** Dataset content follows **
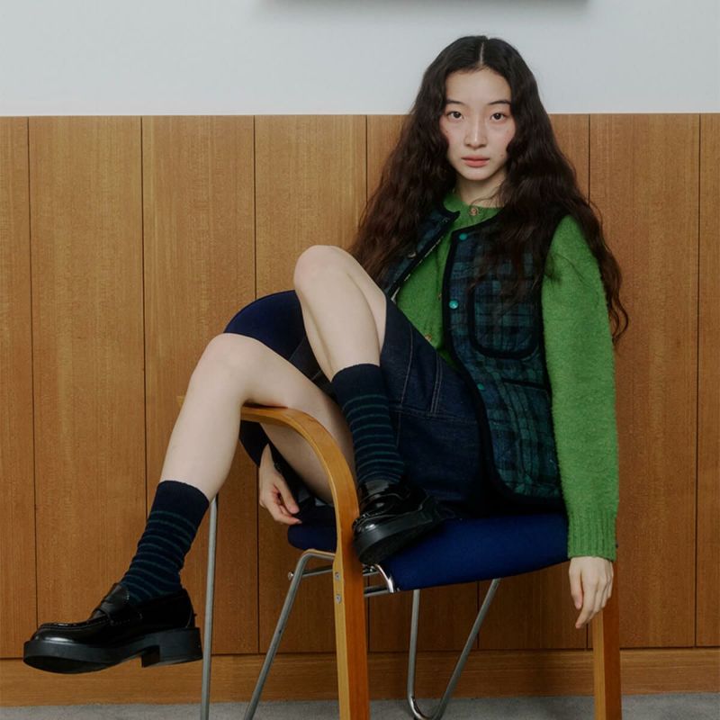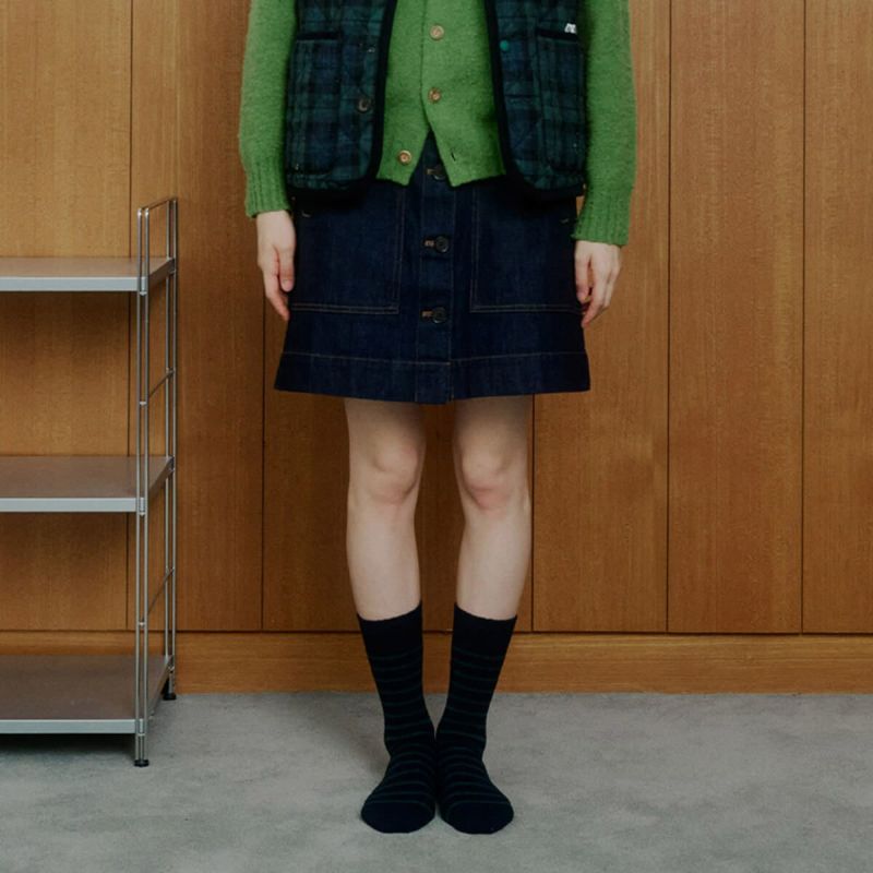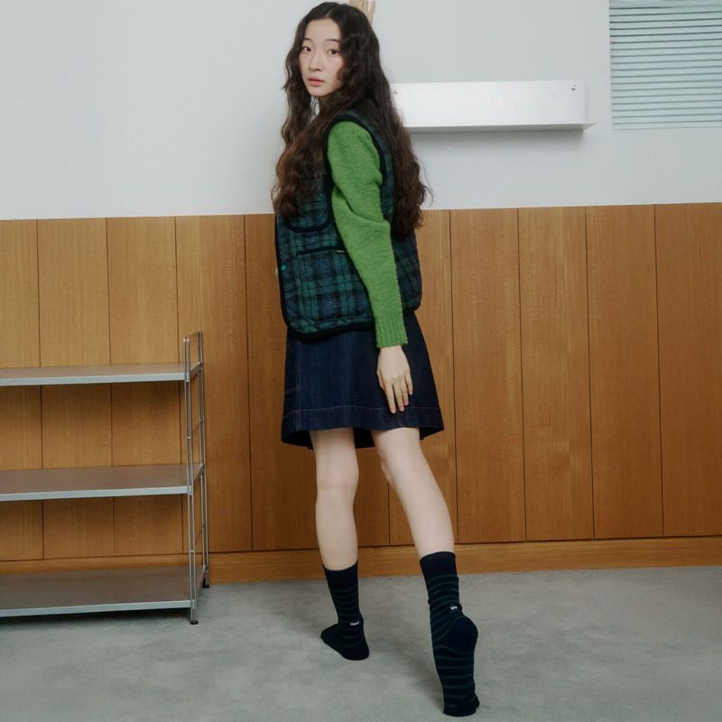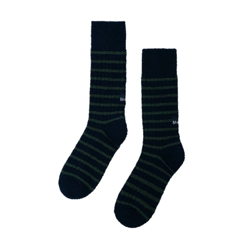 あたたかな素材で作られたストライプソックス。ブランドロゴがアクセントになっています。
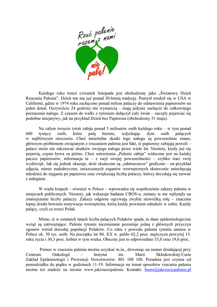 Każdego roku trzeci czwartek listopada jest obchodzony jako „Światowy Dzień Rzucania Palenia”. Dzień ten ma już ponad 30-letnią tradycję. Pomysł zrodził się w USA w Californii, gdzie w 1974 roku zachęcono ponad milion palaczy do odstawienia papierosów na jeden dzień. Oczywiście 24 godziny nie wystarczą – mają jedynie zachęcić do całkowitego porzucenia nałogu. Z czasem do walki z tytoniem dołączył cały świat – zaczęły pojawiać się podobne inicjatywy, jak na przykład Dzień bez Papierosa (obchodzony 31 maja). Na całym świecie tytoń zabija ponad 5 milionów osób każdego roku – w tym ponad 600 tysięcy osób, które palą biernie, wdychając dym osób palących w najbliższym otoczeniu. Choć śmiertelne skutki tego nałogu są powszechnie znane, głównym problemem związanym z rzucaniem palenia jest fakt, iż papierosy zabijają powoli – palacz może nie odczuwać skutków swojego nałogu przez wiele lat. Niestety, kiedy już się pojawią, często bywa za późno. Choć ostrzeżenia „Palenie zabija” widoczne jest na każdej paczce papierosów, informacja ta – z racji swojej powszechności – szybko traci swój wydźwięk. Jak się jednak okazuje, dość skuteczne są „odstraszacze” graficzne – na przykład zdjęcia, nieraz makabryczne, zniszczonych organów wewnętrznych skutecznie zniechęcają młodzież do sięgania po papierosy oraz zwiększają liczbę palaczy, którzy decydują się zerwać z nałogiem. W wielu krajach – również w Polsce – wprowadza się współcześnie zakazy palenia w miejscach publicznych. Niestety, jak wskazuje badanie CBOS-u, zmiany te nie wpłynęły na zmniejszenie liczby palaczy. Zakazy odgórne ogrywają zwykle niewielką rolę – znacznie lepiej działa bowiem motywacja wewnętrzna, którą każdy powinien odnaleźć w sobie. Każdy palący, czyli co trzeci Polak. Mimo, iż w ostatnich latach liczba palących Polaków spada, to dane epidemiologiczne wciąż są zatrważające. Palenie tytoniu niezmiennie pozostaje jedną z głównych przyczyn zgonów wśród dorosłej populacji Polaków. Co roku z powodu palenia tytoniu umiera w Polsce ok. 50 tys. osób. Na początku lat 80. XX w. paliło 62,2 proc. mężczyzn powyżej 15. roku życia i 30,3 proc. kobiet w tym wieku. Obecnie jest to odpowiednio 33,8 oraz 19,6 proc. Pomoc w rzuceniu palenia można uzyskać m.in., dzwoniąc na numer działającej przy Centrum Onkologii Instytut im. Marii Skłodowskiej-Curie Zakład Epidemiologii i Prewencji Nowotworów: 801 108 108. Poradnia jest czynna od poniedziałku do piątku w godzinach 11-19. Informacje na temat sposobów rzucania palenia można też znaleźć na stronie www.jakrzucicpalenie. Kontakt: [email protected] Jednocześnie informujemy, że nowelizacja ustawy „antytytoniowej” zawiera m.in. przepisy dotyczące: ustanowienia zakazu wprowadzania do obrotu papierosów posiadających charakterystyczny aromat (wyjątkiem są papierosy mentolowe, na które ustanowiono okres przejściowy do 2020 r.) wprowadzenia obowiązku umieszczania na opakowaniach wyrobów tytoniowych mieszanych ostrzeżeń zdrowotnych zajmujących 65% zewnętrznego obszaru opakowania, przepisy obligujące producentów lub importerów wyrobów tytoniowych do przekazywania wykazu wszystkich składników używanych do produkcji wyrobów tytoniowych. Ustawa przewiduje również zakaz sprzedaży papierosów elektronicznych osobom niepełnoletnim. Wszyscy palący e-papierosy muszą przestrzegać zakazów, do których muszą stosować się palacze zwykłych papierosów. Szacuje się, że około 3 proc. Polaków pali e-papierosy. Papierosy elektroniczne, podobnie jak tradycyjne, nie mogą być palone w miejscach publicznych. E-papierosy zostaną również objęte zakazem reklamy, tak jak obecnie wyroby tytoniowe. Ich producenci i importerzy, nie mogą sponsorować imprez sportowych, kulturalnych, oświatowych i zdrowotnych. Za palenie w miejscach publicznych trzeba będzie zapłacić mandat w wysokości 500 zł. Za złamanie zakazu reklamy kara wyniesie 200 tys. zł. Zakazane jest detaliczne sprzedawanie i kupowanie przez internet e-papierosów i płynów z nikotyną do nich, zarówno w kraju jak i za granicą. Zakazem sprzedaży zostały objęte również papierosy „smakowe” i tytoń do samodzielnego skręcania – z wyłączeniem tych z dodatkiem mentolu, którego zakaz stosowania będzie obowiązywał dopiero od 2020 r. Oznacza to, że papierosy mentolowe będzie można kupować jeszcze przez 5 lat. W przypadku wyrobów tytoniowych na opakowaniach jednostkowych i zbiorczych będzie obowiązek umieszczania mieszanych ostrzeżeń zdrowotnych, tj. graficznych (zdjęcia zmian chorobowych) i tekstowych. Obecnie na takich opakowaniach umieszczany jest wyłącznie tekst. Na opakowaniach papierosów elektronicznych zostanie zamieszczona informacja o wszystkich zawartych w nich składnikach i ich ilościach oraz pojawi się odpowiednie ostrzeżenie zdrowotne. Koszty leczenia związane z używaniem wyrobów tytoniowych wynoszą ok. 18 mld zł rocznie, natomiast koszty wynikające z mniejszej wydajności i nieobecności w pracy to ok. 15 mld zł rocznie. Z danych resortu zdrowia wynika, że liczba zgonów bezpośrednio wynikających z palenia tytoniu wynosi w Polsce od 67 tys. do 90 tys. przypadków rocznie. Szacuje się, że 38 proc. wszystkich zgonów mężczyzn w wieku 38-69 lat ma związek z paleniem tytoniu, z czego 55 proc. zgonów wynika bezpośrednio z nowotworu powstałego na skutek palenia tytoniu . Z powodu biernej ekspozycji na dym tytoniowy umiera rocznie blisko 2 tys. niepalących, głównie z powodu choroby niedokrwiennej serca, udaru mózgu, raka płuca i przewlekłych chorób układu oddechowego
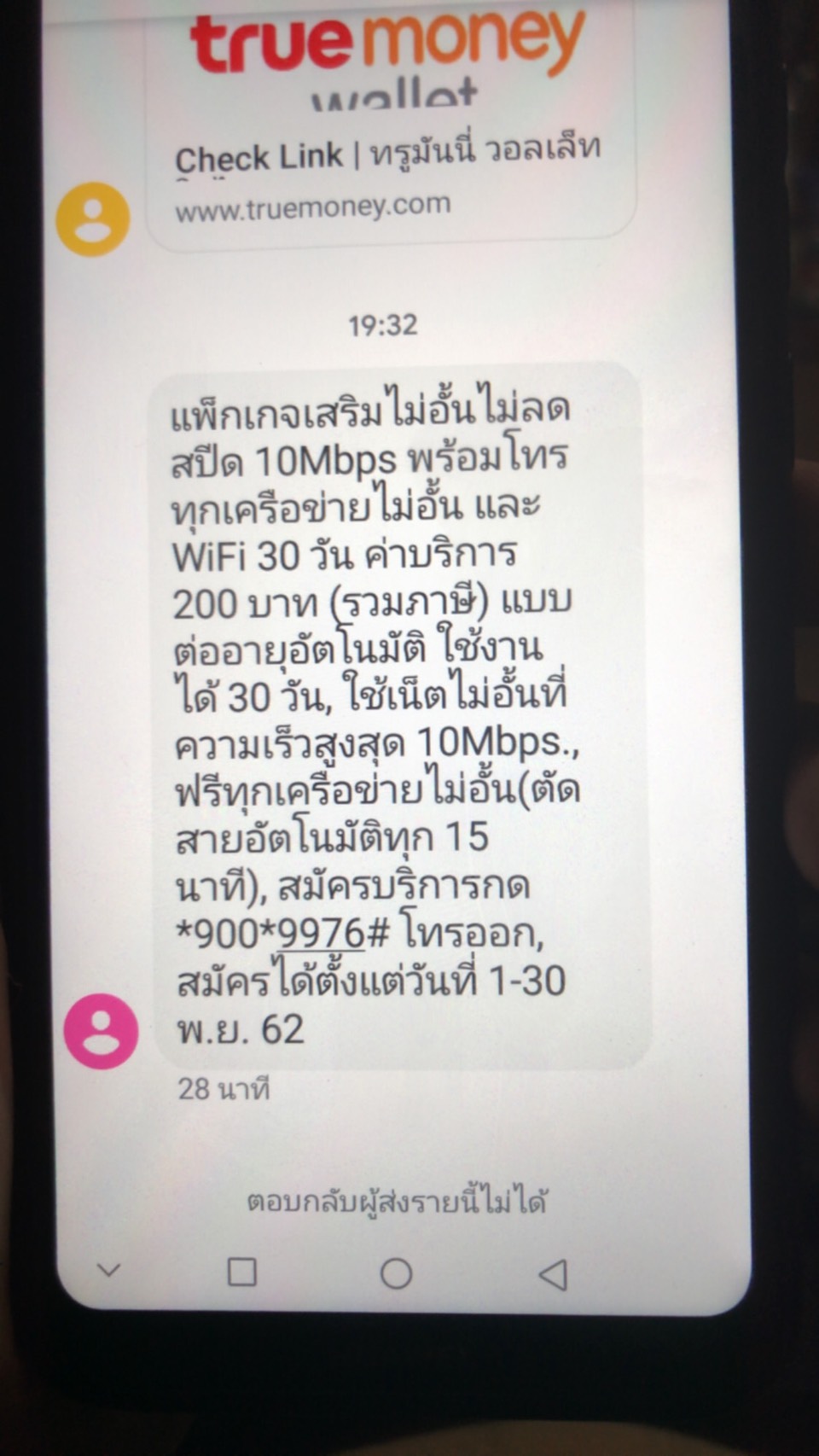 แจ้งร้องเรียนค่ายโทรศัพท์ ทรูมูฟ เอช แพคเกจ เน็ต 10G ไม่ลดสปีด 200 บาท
** End of Dataset content **
#### Work instructions
Only the text of the listing above should be copied, exactly and with pictures left out.

#### Result of the exercise
 あたたかな素材で作られたストライプソックス。ブランドロゴがアクセントになっています。
 Każdego roku trzeci czwartek listopada jest obchodzony jako „Światowy Dzień Rzucania Palenia”. Dzień ten ma już ponad 30-letnią tradycję. Pomysł zrodził się w USA w Californii, gdzie w 1974 roku zachęcono ponad milion palaczy do odstawienia papierosów na jeden dzień. Oczywiście 24 godziny nie wystarczą – mają jedynie zachęcić do całkowitego porzucenia nałogu. Z czasem do walki z tytoniem dołączył cały świat – zaczęły pojawiać się podobne inicjatywy, jak na przykład Dzień bez Papierosa (obchodzony 31 maja). Na całym świecie tytoń zabija ponad 5 milionów osób każdego roku – w tym ponad 600 tysięcy osób, które palą biernie, wdychając dym osób palących w najbliższym otoczeniu. Choć śmiertelne skutki tego nałogu są powszechnie znane, głównym problemem związanym z rzucaniem palenia jest fakt, iż papierosy zabijają powoli – palacz może nie odczuwać skutków swojego nałogu przez wiele lat. Niestety, kiedy już się pojawią, często bywa za późno. Choć ostrzeżenia „Palenie zabija” widoczne jest na każdej paczce papierosów, informacja ta – z racji swojej powszechności – szybko traci swój wydźwięk. Jak się jednak okazuje, dość skuteczne są „odstraszacze” graficzne – na przykład zdjęcia, nieraz makabryczne, zniszczonych organów wewnętrznych skutecznie zniechęcają młodzież do sięgania po papierosy oraz zwiększają liczbę palaczy, którzy decydują się zerwać z nałogiem. W wielu krajach – również w Polsce – wprowadza się współcześnie zakazy palenia w miejscach publicznych. Niestety, jak wskazuje badanie CBOS-u, zmiany te nie wpłynęły na zmniejszenie liczby palaczy. Zakazy odgórne ogrywają zwykle niewielką rolę – znacznie lepiej działa bowiem motywacja wewnętrzna, którą każdy powinien odnaleźć w sobie. Każdy palący, czyli co trzeci Polak. Mimo, iż w ostatnich latach liczba palących Polaków spada, to dane epidemiologiczne wciąż są zatrważające. Palenie tytoniu niezmiennie pozostaje jedną z głównych przyczyn zgonów wśród dorosłej populacji Polaków. Co roku z powodu palenia tytoniu umiera w Polsce ok. 50 tys. osób. Na początku lat 80. XX w. paliło 62,2 proc. mężczyzn powyżej 15. roku życia i 30,3 proc. kobiet w tym wieku. Obecnie jest to odpowiednio 33,8 oraz 19,6 proc. Pomoc w rzuceniu palenia można uzyskać m.in., dzwoniąc na numer działającej przy Centrum Onkologii Instytut im. Marii Skłodowskiej-Curie Zakład Epidemiologii i Prewencji Nowotworów: 801 108 108. Poradnia jest czynna od poniedziałku do piątku w godzinach 11-19. Informacje na temat sposobów rzucania palenia można też znaleźć na stronie www.jakrzucicpalenie. Kontakt: [email protected] Jednocześnie informujemy, że nowelizacja ustawy „antytytoniowej” zawiera m.in. przepisy dotyczące: ustanowienia zakazu wprowadzania do obrotu papierosów posiadających charakterystyczny aromat (wyjątkiem są papierosy mentolowe, na które ustanowiono okres przejściowy do 2020 r.) wprowadzenia obowiązku umieszczania na opakowaniach wyrobów tytoniowych mieszanych ostrzeżeń zdrowotnych zajmujących 65% zewnętrznego obszaru opakowania, przepisy obligujące producentów lub importerów wyrobów tytoniowych do przekazywania wykazu wszystkich składników używanych do produkcji wyrobów tytoniowych. Ustawa przewiduje również zakaz sprzedaży papierosów elektronicznych osobom niepełnoletnim. Wszyscy palący e-papierosy muszą przestrzegać zakazów, do których muszą stosować się palacze zwykłych papierosów. Szacuje się, że około 3 proc. Polaków pali e-papierosy. Papierosy elektroniczne, podobnie jak tradycyjne, nie mogą być palone w miejscach publicznych. E-papierosy zostaną również objęte zakazem reklamy, tak jak obecnie wyroby tytoniowe. Ich producenci i importerzy, nie mogą sponsorować imprez sportowych, kulturalnych, oświatowych i zdrowotnych. Za palenie w miejscach publicznych trzeba będzie zapłacić mandat w wysokości 500 zł. Za złamanie zakazu reklamy kara wyniesie 200 tys. zł. Zakazane jest detaliczne sprzedawanie i kupowanie przez internet e-papierosów i płynów z nikotyną do nich, zarówno w kraju jak i za granicą. Zakazem sprzedaży zostały objęte również papierosy „smakowe” i tytoń do samodzielnego skręcania – z wyłączeniem tych z dodatkiem mentolu, którego zakaz stosowania będzie obowiązywał dopiero od 2020 r. Oznacza to, że papierosy mentolowe będzie można kupować jeszcze przez 5 lat. W przypadku wyrobów tytoniowych na opakowaniach jednostkowych i zbiorczych będzie obowiązek umieszczania mieszanych ostrzeżeń zdrowotnych, tj. graficznych (zdjęcia zmian chorobowych) i tekstowych. Obecnie na takich opakowaniach umieszczany jest wyłącznie tekst. Na opakowaniach papierosów elektronicznych zostanie zamieszczona informacja o wszystkich zawartych w nich składnikach i ich ilościach oraz pojawi się odpowiednie ostrzeżenie zdrowotne. Koszty leczenia związane z używaniem wyrobów tytoniowych wynoszą ok. 18 mld zł rocznie, natomiast koszty wynikające z mniejszej wydajności i nieobecności w pracy to ok. 15 mld zł rocznie. Z danych resortu zdrowia wynika, że liczba zgonów bezpośrednio wynikających z palenia tytoniu wynosi w Polsce od 67 tys. do 90 tys. przypadków rocznie. Szacuje się, że 38 proc. wszystkich zgonów mężczyzn w wieku 38-69 lat ma związek z paleniem tytoniu, z czego 55 proc. zgonów wynika bezpośrednio z nowotworu powstałego na skutek palenia tytoniu . Z powodu biernej ekspozycji na dym tytoniowy umiera rocznie blisko 2 tys. niepalących, głównie z powodu choroby niedokrwiennej serca, udaru mózgu, raka płuca i przewlekłych chorób układu oddechowego
 แจ้งร้องเรียนค่ายโทรศัพท์ ทรูมูฟ เอช แพคเกจ เน็ต 10G ไม่ลดสปีด 200 บาท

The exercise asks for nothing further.